Aware of Mohler's "tremendous influence" in the evangelical community, the Soulforce group took a detour to the Louisville, Ky., campus during their national tour protesting on campuses of conservative religious schools.

Noting that the protest was purposefully orchestrated to gain media attention, Mohler said in a chapel sermon on Tuesday, "We are given every once in a while a foretaste of what is likely to come.

"I can only say that I believe any ministry that stands upon biblical authority and actually applies the whole counsel of God to all of life is going to confront moments like these," he stated, according to Baptist Press.

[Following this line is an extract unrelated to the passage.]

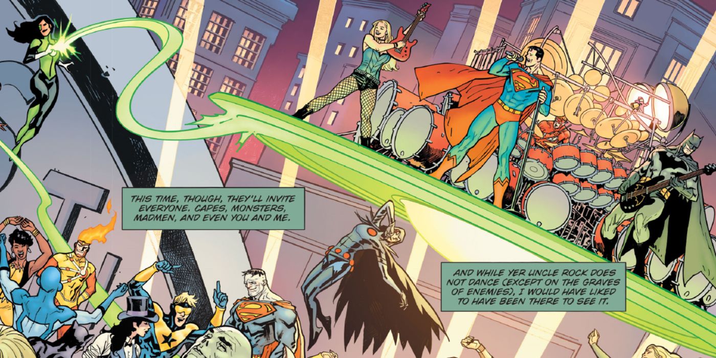 Empujando esa pregunta están las últimas páginas de Noches Oscuras: Death Metal donde vemos al Sargento Rock luchando junto a una versión de la Sociedad de la Justicia que se acerca a lo que conocemos pero es diferente. Una gran diferencia es que no hay ningún Canario Negro o Mujer Maravilla en el equipo, pero Liberty Belle - que fue miembro del Escuadrón de Estrellas, no de la JSA - está ahÃ. ¿Es eso un indicio de otros cambios que podemos ver?

Despite the difficult moments, Mohler encouraged the students and faculty to continue to speak the Christian truth.

"We should always be ready to give an answer for the hope that is in us," he said. "We should always be ready to speak on behalf of Christian truth, on behalf of the truth of God's Word. We should always, above all things, be ready to speak about the Gospel."

Just as he urged evangelical Christians in his blog to show compassion to those struggling with homosexuality, Mohler encouraged the Baptist students and faculty to pray for Soulforce. He said they need to pray not only for their "salvation from homosexuality" but also for "their salvation from sin and death."

The chapel attendants were reminded that all were born sinners and that they have "a salvation from sin equally as ugly, equally as deadly."

Mohler was not on campus when Soulforce staged the sit-in. The 12 protestors who remained on campus were arrested on charges of criminal trespassing.